No, your chocolate also won’t kill you

Many articles have raised the issue of elevated heavy metal burden in chocolates and cocoa products. Many articles have been written appearing to debunk the former, too. The reality, however, is a bit more complicated than that.

Before we start, I want to clarify that this is not another post that will tell you how “proposition 65” and consumer labs are wrong. There is, in fact, and as far as I am concerned, no safe intake level of cadmium. The major theme that this post will follow is also a driver for my own research direction and supplementation. All things involve risks and benefits that need to be traded off.

Ironically, and sadly, more articles have been written warning about chocolate than articles praising the results of the COSMOS trial which found that supplementation with cocoa flavonoids reduces cardiovascular mortality (although the statistical evidence was a bit shaky).

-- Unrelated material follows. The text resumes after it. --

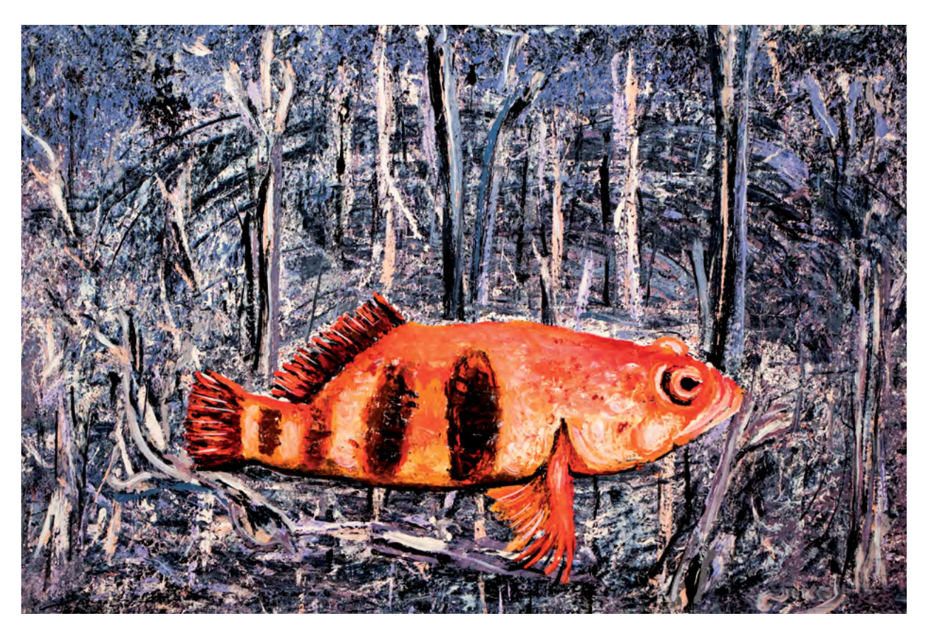
Nikos Kypraios Fish Oil on paper | 70 x 100cm | 2010

Hard outcome data from real trials trumps mechanistic speculation based on observational studies that is used to argue for lowering Cd intakes.

There is now no way around supplementing cocoa polyphenols if you are serious about your health. The literature overall suggested that flavonoids are beneficial for a long time but there was no evidence from controlled trials to support this idea until now. With the results of COSMOS this has changed and the polyphenol/flavonoid hypothesis is validated. What remains is the practical implementation, which is were worries about Cd are reasonable.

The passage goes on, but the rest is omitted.